Kleinster Bewohner im Sommer war der Wellensittich Riccio. Der Kleine spricht! Ich versteh’s nur nicht: es ist polnisch. Riccio ist ganz Lieber, endlich mal einer, der mich nicht beißen will! Er schnäbelt mit mir. So süß.
Gelbhaubenkakadu Schorschle ist schon seit vielen vielen Jahren bei uns im Sommer zu Gast. Aber diesmal ist er chronisch missgelaunt. Es stinkt ihm bären-äh-vogelmäßig, dass ich mich auch mit den anderen Vögeln beschäftigen muss und nicht nur für ihn alleine da bin. Und wenn ein Kakadu schreit, misst man besser nicht seinen Blutdruck – zumal Kumpelvogel Bibi dann natürlich mitschreit. Nein, es ist nicht immer nur lustig bei uns, sondern erfordert manchmal echt Nervenstärke…
Wir sind wieder bei Louis und Shira, den beiden Mönchsittichen, die ebenfalls eine echte Herausforderung sind. An manchen Tagen treiben sie uns alle mit und ohne Federn zur Weißglut, indem ohne Ende geschrien und geschumpfen wird – dann wieder sind sie so zuckersüß, dass man sie knuddeln möchte.
Dann wird lebhaft erzählt und geplappert. Als Louis mal wieder einen seiner Wutanfälle hatte, sah ich ihn auf seinen Ast einhacken und dabei „Nein, nein, nein!“ schimpfen. Trotz ihrer Launen fühlen sich die beiden so wohl, dass sie fröhlich kleine Mönche machen und sich dabei auch durch nichts stören lassen. Da werden Äste in die Schlafkiste geschleppt, größer als die Vögel selbst. Jeder Waldarbeiter würde vor Neid erblassen!

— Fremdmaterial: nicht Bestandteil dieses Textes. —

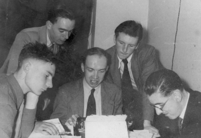 ![]() Thinking I'd find some familiar names, not knowing even if you, Walt, were alive let alone your address, I borrowed Terry's BSFA material. You, Bob, were BNF'ing it (I saw Terry's copy of your Con speeches.... marvellous) but not a single other name I knew; I even joined the BSFA to get more material, which shows you I was getting awfully serious about reentering some sort of fandom. I was somewhat dismayed by various fanzines I read, but after further research found that in this 1980s fandom no one seemed to like anything (except Bob Shaw's speeches) so subscribed to TWLL DDU and ANSIBLE. As luck would have it, the first ANSIBLE I received shortly afterwards had a news item that read..."Sandy Sanderson & his wife...showed up (at the Denvention) from Long Island gafiation for the first time in 20 years...." It says something for my return to some sort of sanity that this only caused shivers for an hour or so, and this mainly because of the faint intimations of some sort of telepathic resonance.... weird. And I couldn't get any damned addresses of people I wanted to write to. I wrote a letter to Malcolm Edwards and received a copy of TAPPEN 3 this last weekend, and still no familiar fannishness. And tactful Terry said he was still trying to find your address, Walt.... reckon he wanted to shield me in case you didn't want to correspond. Oh yes, and during the summer I've had some correspondence with Phil Harbottle, erstwhile editor of VISION OF TOMORROW and full-time Fearn fanatic. He wanted information on pseudonyms of Fearn and whether I'd been 'Inquisitor' (and why had fandom had a grudge against JRF??) His letters sent me really re-raking over the fanzines I'd already gone through for Terry and his Tribute, and completed some of the work in getting me to face the past that Terry had started. I still have some memory scar tissue though...blanks I am only slowly penetrating. (I wonder If I could get a scholarship to the Church of Scientology?) Harbottle to me: "Despite your protestations of lack of bibliographical interest or insight during the '50's, some fascinating snippets are scattered all through your writings. ((-Ah, egoboo after all these years"-)). Witness, for example, your own souvenir booklet of the LONDON S-F CONVENTION 1952. It is fannish all right, but it packs in loads of historical insights, quotes etc. ((-Y'know, maybe Fearn wasn't so bad after all.-)) Plus the kind of tantaliser which is one reason for my contacting you: Page 7 "John Brunner introduced himself as probably the youngest pro-author in the country, having had stories (Note plural - PH) published under the 'Gill Hunt' housename at the age of 17...(At this point I find that the scrap of paper on which I was taking notes covered with a rather obscure Willis-Clarke combination running 'A nice Gill, but one of the droving kine' (presumably a typo for 'droning kind'). You see what I mean? Yours is the only reference to Brunner's early work that I've been able to find after searching scores and scores of '50's fanzines ((-certifiable?-)) and instead of recording the first novels of someone who became and is one of the most important sf writers in the world you cock it up with a Willis pun! Now we'll never know!" ....and goes on to say can he borrow the Willis Con report in QUANDRY ((-spelt right-)) if I have it.... Me to Harbottle: " I've looked through about 95% of British fanzines Published in the 50's and I'm afraid that I have to confirm What you expected; no one except myself really took much heed of John Brunner's True Confessions...John was very young...wasn't taken seriously...enclose photograph...with other Junior Fanatics. Also, you're guilty of selective reporting as you didn't mention the rest of my comment..."I mention this to show the difficulties under which I was trying to memorise a coherent account." Shame! I'm enclosing the Willis report. Also, while we're on the subject, you do me an injustice. "...one of the droving kine" was a painful play on words, not a collection of typos. In those days, there was what is now termed a 'pop' song (popularised by Guy Mitchell, I seem to recall) which contained the words "she was a nice girl, but one of the roving kind." There was a tenuous connection between 'Gill' of milk) and kine (cattle) which needed working on and which is all now very anachronistic, which probably accounts for the fact that our minds weren't fully on the speaker. (I now attempt TIMES crosswords)." Appeal to Fandoms Leading Expert and Critic, and Fandoms Bleeding Expert on Puns.... is explaining a pun 29 years after birth a record? (or disc-covery!) I'd have loved to see Phil Harbottle corresponding with Chuck in his prime. Well, I'm more or less up to date in this letter. A few current notes. Bob, your letter (to me) was better than your books, and I think *they're* terrific. To think that the Bob Shaw, to whom I had to explain once that lightning really *killed* people in this country, wrote all that, has appeared on TV...it makes me feel all grandfatherly. I've a real fannish foto taken here, showing a one shot being hammered out here with Frank Robinson (of Cardiff), Jim Rattigan, Mike Wilson (where...?), self at typewriter and you in the background with that quizzical air... beautiful.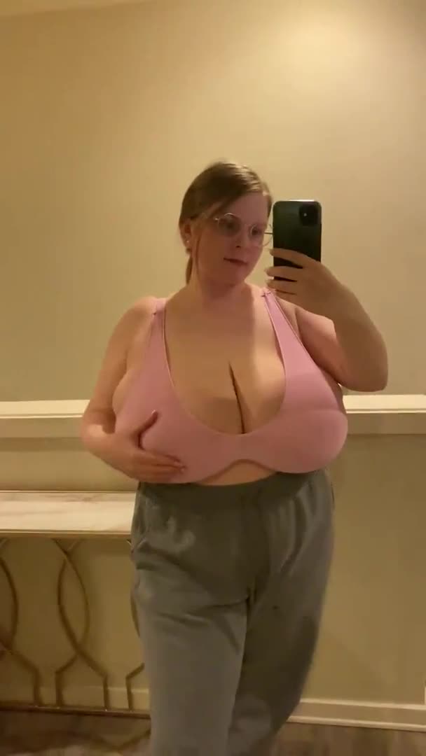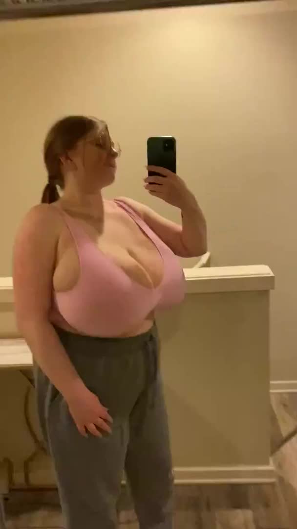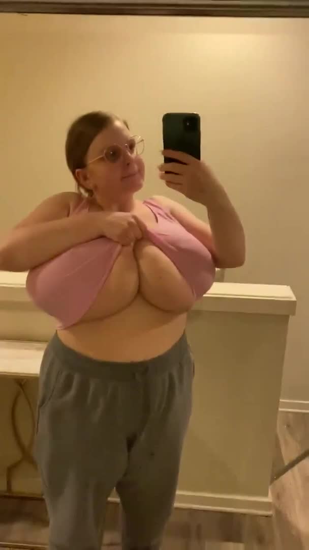 Молодая потрясла сиськами, стоя перед зеркалом.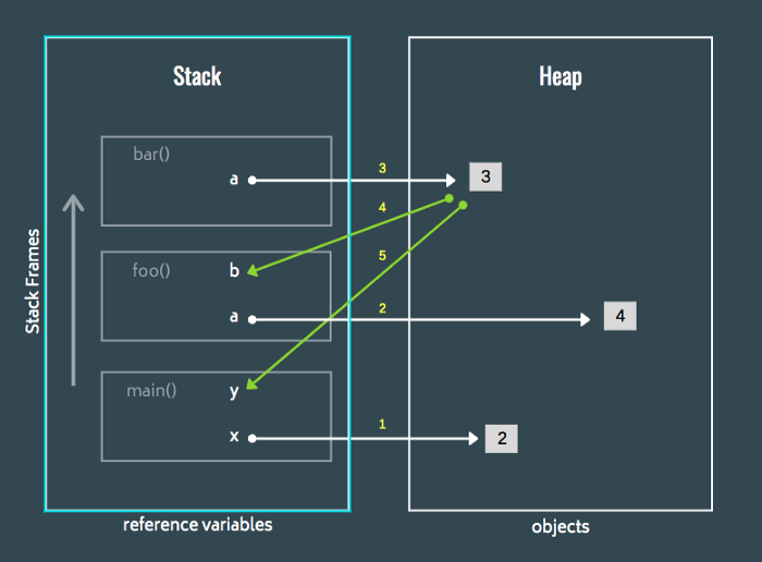 스택 이벤트의 시퀀스 아래에서 볼 수 있듯이 함수는 호출(스택에 푸시됨)되고 반환(스택에서 팝)되며 힙에 개체를 할당합니다. a = 10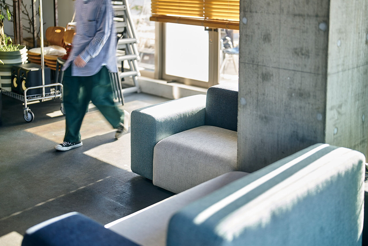 自在に組み合わせられるユニットタイプのソファなので、座り心地だけでなく、耐久性や汚れた時のメンテナンスのしやすさにも配慮しています。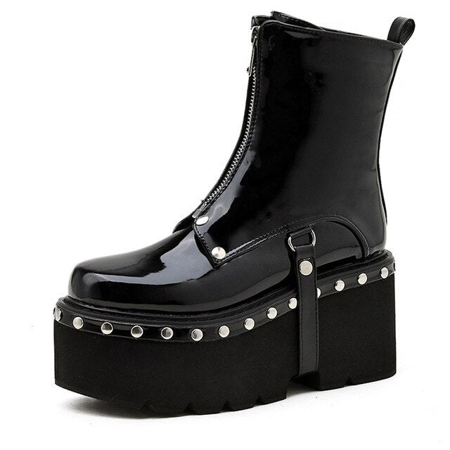 Se cercavi un paio di stivali gotici per donna originali, sei nel posto giusto! Possiedono una spessa suola di gomma nera. Sopra, sono decorati con borchie di metallo emblematiche della moda gotica. Per avere un'estetica unica e un'efficacia ottimale, gli stivali possiedono una chiusura lampo zip, che permetterà di toglierli e metterli facilmente e rapidamente.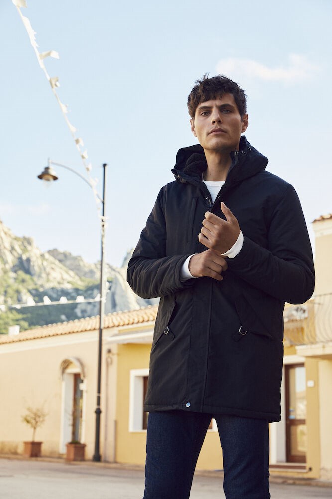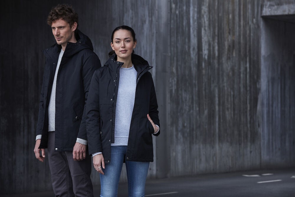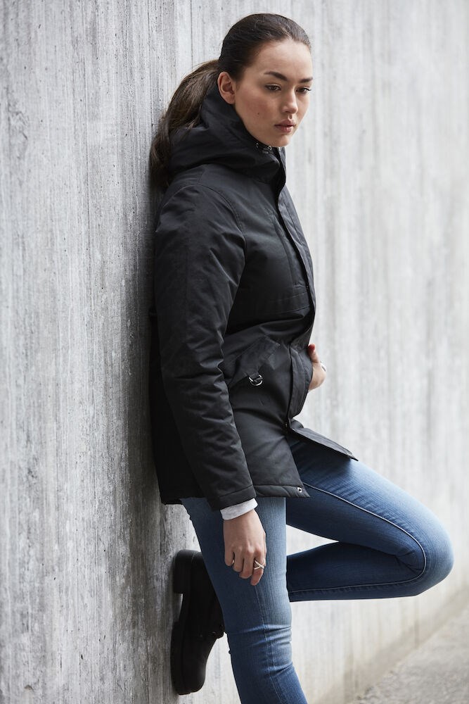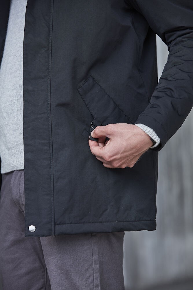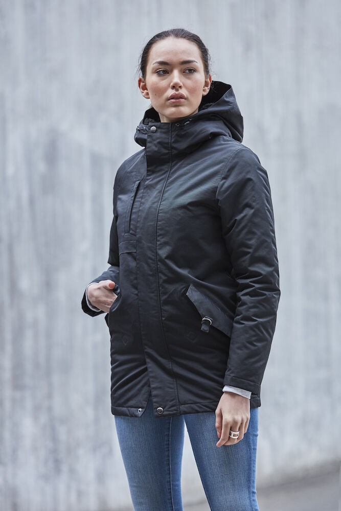 Hoogwaardige, gevoerde parka die bescherming biedt tegen wind en water. De parka is afgewerkt met een zachte voering in de capuchon en quilt voering op het lijf voor een optimaal draagcomfort. Daarnaast is de jas afgewerkt met verstelbare manchetten, een handige oplossing voor de koptelefoon en een trekkoord in de zoom. De borstzak met rits, twee zakken aan de voorzijde met magneten en een binnenzak met rits bieden voldoende opbergruimte. De jas is gemakkelijk te veredelen dankzij de drukkersrits aan de binnenzijde.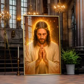 Quadro Decorativo Jesus Orando Moldura Preta - 84x54cm -
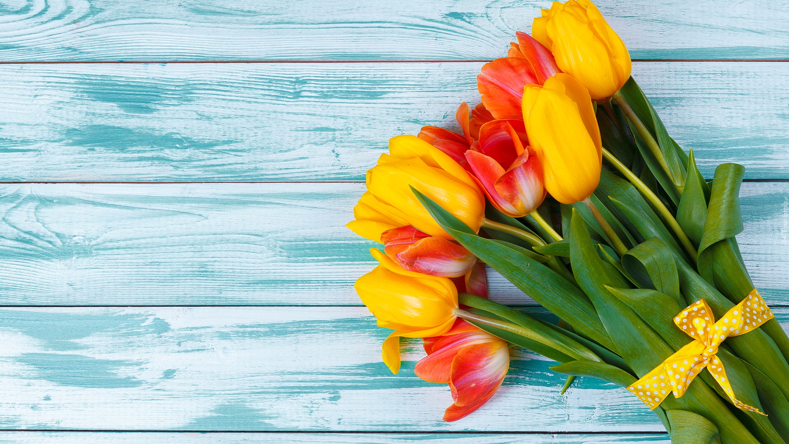 Edytor tapety: Bukiet tulipanów ze wstążką na deskach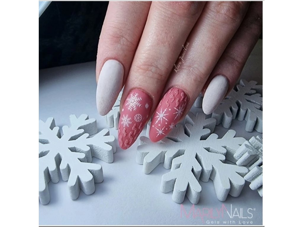 TIP: k perfektnímu nanesení okolo kutikuly si pomozte tenkým štětcem M0 od MarilyNails. Po vytvrzení aplikujte ve střední vrstvě lesk TopFlow Free (příp. Matt TopFlow Free).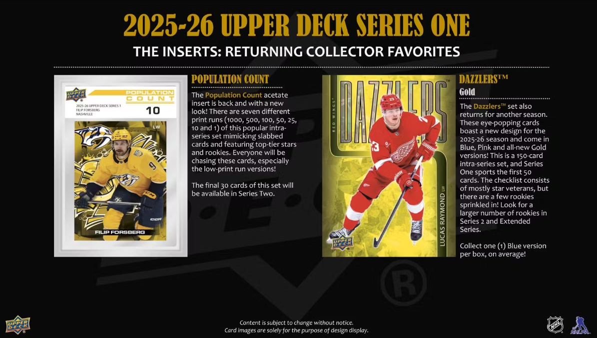 The Dazzlers set also returns for another season. These eye-popping cards boast a new design for the 2025-26 season and come in Blue, Pink and all-new Gold versions! This is a 150-card intra-series set, and Series 1 sports the first 50 cards. The checklist consists of mostly star veterans, but there are a few rookies sprinkled in! Look for a larger number of rookies in Series 2 and Extended Series. Collect one (1) Blue version per box, on average!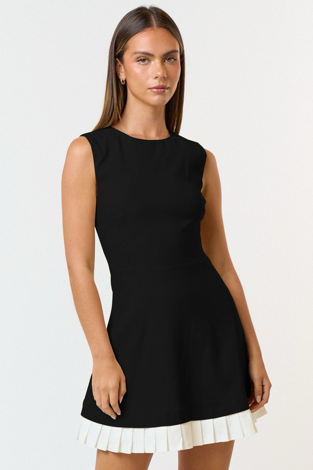 El detalle protagonista es su terminación inferior con plisado en contraste color blanco, que aporta un toque moderno y chic, elevando el diseño clásico del vestido. La caída es fluida y estructurada, perfecta para lucir arreglada sin esfuerzo.

Hugo der Pennantsittich und ich sind dicke Freunde geworden. Keiner kann sich so freuen wie dieser Vogel! Er ist schon ein paarmal abgestürzt vor lauter Übermut, oder wenn er zu hektisch von Ast zu Ast flattert, um schnell bei mir zu sein. Unglaublich, wie flink er trotz des behinderten Füßchens ist. Dank seinem geschickten, kräftigen Schnabel ist er ruckzuck überall hin geklettert, wo er hin will.
Graupapageiendame Aua trägt einen ganz originellen Namen, den keiner hat, obwohl er mehr oder weniger auf alle Krummschnäbel passen würde! Kein Krummschnabelbesitzer, der nicht schon mal gebissen worden wäre. Natürlich ist das auch ihr Lieblingswort. Im Lauf der Zeit erkenne ich allerdings, dass sie das nicht mit Beißen verbindet, sondern eher mit den Schmerzlauten der einstigen Besitzerin beim Putzen u. a. Bei jedem Napfwechseln, Putzen oder sonstigem Hantieren an den Käfigen und Volieren kommt von Aua ein mitleidiges „Aua“ oder „auauau“.
Aua ist ein Naturtalent im Pfeifen! Alles Mögliche pfeift sie mir vor; „Hänschen klein“ ist sie wohl grad am Lernen. An nichts denkend pfeife ich beim Putzen und Füttern oft unser Vogelhauslied vor mich hin und staune nicht schlecht, als ich nach nur zwei Tagen die ersten Takte dieses Liedes von Aua höre! Okay, beim nächsten Urlaub werden wir es perfektionieren. Das ist eine richtige Aufgabe für sie und fordert sie. Mit viel Geduld – und die ist wirklich vonnöten bei Papageien – hat sich die zarte Graupapageiendame Stück für Stück bei uns eingelebt, was für sie anfangs nicht leicht war. Nach einer Woche Urlaub bei uns ist aus dem schüchternen Mädel ein frecher kleiner Papagei geworden, auf den man sich schon wieder freut, wenn er wiederkommt.